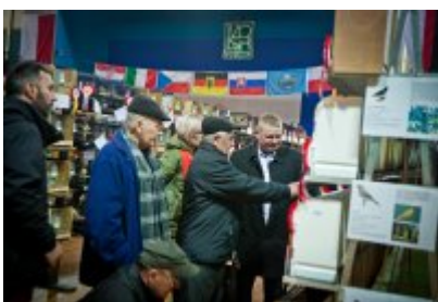
• 81. Ornitologiczne Mistrzostwa Polski
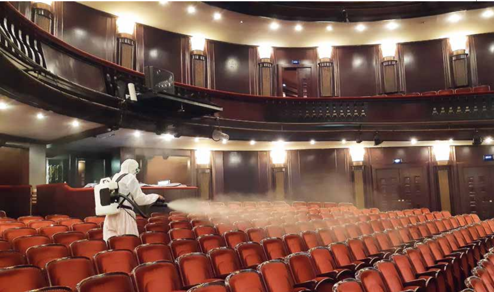
Fertőtlenítik a Madách Színház nézőterét

Szeptemberben még mindenki reménykedett, hogy a színházak megkezdhetik az őszi szezont, természetesen betartva a különböző szigorú egészségügyi előírásokat. Összeállításunk erről szól, a színházak számolnak be a pandémia idején folytatott gyakorlatokról. Sajnos a fertőzések exponenciális növekedése további szigorításokat, az élő színházi előadások megtartásának ellehetetlenülését és újból a teljes létbizonytalanságot hozta magával.
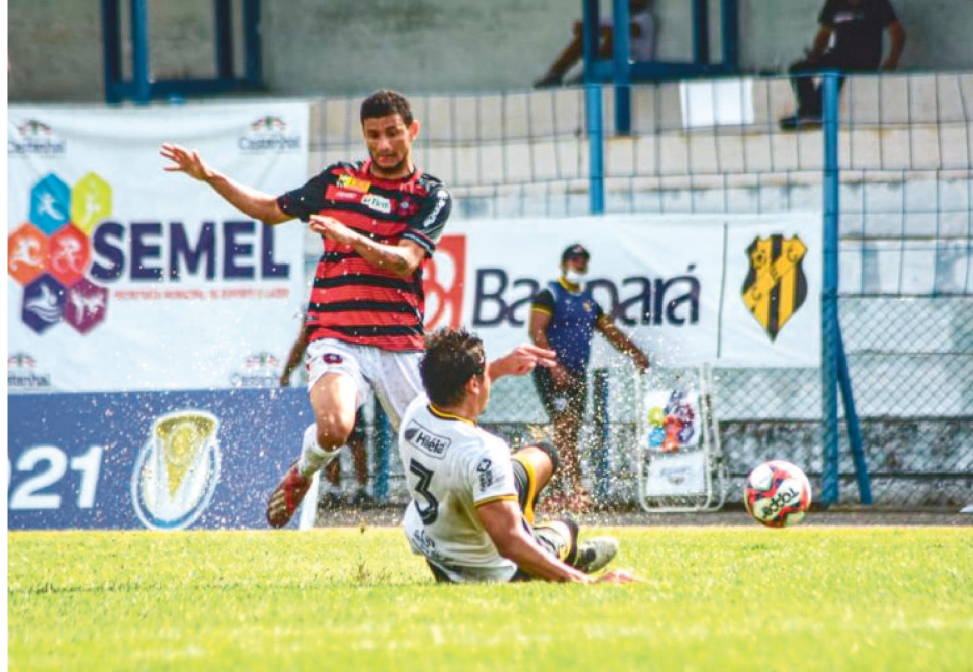
O PAPÃO DO NORTE VEM DE DUAS VITÓRIAS DIANTE O CASTANHAL-PA NA SÉRIE D.

A situação agora mudou para o Moto Club, que vai jogar a primeira partida fora, e decide em casa. O segundo jogo será no Estádio Nhozinho Santos, às 15h do dia 3 de outubro. A Confederação Brasileira de Futebol justificou o horário ao alegar que se houver necessidade de desempate haverá cobranças de “tiros livres, direto da marca penal”. O Estádio Nhozinho San-
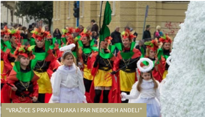
“VRAŽICE S PRAPUTNJAKA I PAR NEBOGEH ANDELI”
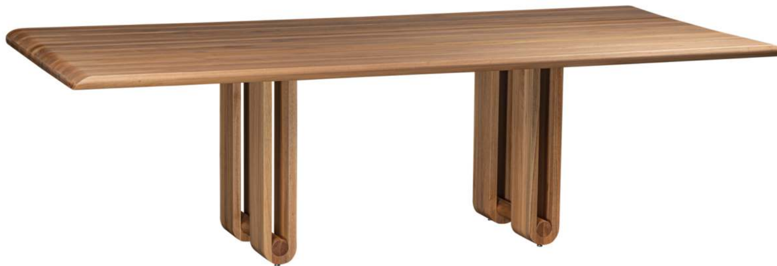
FOTO DO PRODUTO EM JEQUITIBÁ NATURAL PHOTO OF THE PRODUCT IN JEQUITIBA WOOD FOTO DEL PRODUCTO EN JEQUITIBÁ NATURAL

CxPxA / medidas em mm LxDxH / measures in mm CxPxA / medidas en mm

WHAT THE TASK ASKS
The expected output is every record above, copied exactly, without pictures.

ANSWER TO THE EXERCISE
• 81. Ornitologiczne Mistrzostwa Polski
Fertőtlenítik a Madách Színház nézőterét

Szeptemberben még mindenki reménykedett, hogy a színházak megkezdhetik az őszi szezont, természetesen betartva a különböző szigorú egészségügyi előírásokat. Összeállításunk erről szól, a színházak számolnak be a pandémia idején folytatott gyakorlatokról. Sajnos a fertőzések exponenciális növekedése további szigorításokat, az élő színházi előadások megtartásának ellehetetlenülését és újból a teljes létbizonytalanságot hozta magával.
O PAPÃO DO NORTE VEM DE DUAS VITÓRIAS DIANTE O CASTANHAL-PA NA SÉRIE D.

A situação agora mudou para o Moto Club, que vai jogar a primeira partida fora, e decide em casa. O segundo jogo será no Estádio Nhozinho Santos, às 15h do dia 3 de outubro. A Confederação Brasileira de Futebol justificou o horário ao alegar que se houver necessidade de desempate haverá cobranças de “tiros livres, direto da marca penal”. O Estádio Nhozinho San-
“VRAŽICE S PRAPUTNJAKA I PAR NEBOGEH ANDELI”
FOTO DO PRODUTO EM JEQUITIBÁ NATURAL PHOTO OF THE PRODUCT IN JEQUITIBA WOOD FOTO DEL PRODUCTO EN JEQUITIBÁ NATURAL

CxPxA / medidas em mm LxDxH / measures in mm CxPxA / medidas en mm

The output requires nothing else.